Did you know?
Klipgat's limestone cave was formed over millions of years by exposure to the ocean tides.
Klipgat Cave is one of South Africa’s most valuable cultural and historical sites. Once upon a time, when the ocean was some 5km distant from the cave, early humans lived here. It provided everything they needed – shelter from the storms, food from the ocean, and fresh water from a nearby spring.
Klipgat Cave is in the Walker Bay Nature Reserve, just 3km from the quaint fishing village of De Kelders, which the locals claim has the best whale watching in South Africa. The name De Kelders means 'the caves' and there are many limestone caves in the area.
The Walker Bay Nature Reserve stretches along the Atlantic coast from De Kelders to the Hermanus Lagoon and, if you’re feeling energetic, you can follow a 24km-long hiking trail that stretches along the coastline.
The 7km-long Klipgat Trail that takes you to the cave starts at Gansbaai harbour. It's a lovely trail boasting rock pools, stunning ocean views and the rare fynbos of the Cape Floral Kingdom – the smallest of the world's six floral kingdoms.
If you don't feel like a hike, you can start at Klipgat Cave itself. Climb down the steps and take the viewing boardwalk. Excavations have discovered Stone Age artefacts, tools and human teeth, which give clues to the ways our early ancestors lived and worked.
These Stone Age human remains are among the earliest known Homo sapiens fossils in the world – and they are the most modern looking of ancient human remains. We would definitely recognise them as fellow human beings if we had come upon them as they shucked oysters.

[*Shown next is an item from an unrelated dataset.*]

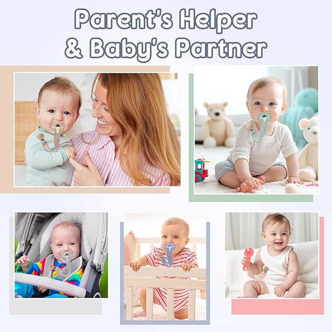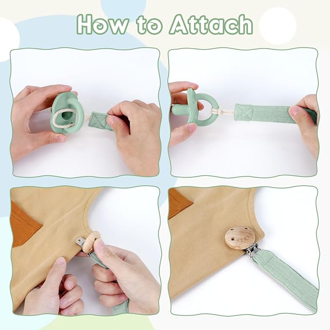 - Upgraded Wooden Stainless Steel Clips: The clip head has three holes to avoid choking, making it safer for babies; The metal clasp on the pacifier clip is strong and secure, we upgraded it with stainless steel material, no rust after use. The metal clip that attaches to clothing has a wooden cover to protect the skin from becoming scratched.

Travel tips & Planning info
Who to contact
Tel: +27 (0) 28 384 1439
How to get here
The Klipgat Cave can be reached from the Walker Bay Nature Reserve entrance in De Kelders.
Around the area
Gansbaai is renowned for its great white sharks and there are a number of shark-cage diving operations in the area. Nearby Dyer Island is home to thousands of endangered African penguins.
Tours to do
Take a boat tour to Dyer Island. You are not allowed to land on the island, but you will see many penguins, seabirds and Cape fur seals. If you're lucky, you may even spot some great white sharks patrolling the waters.
On foot. You need to be steady on your pins and be reasonably fit as there are a lot of steps to climb.
What will it cost
Entrance to the Klipgat Cave is free.
Where to stay
There's loads of accommodation in the area, but if you want some superb whale watching, forget the budget and stay at the Marine hotel, Hermanus, or Birkenhead House.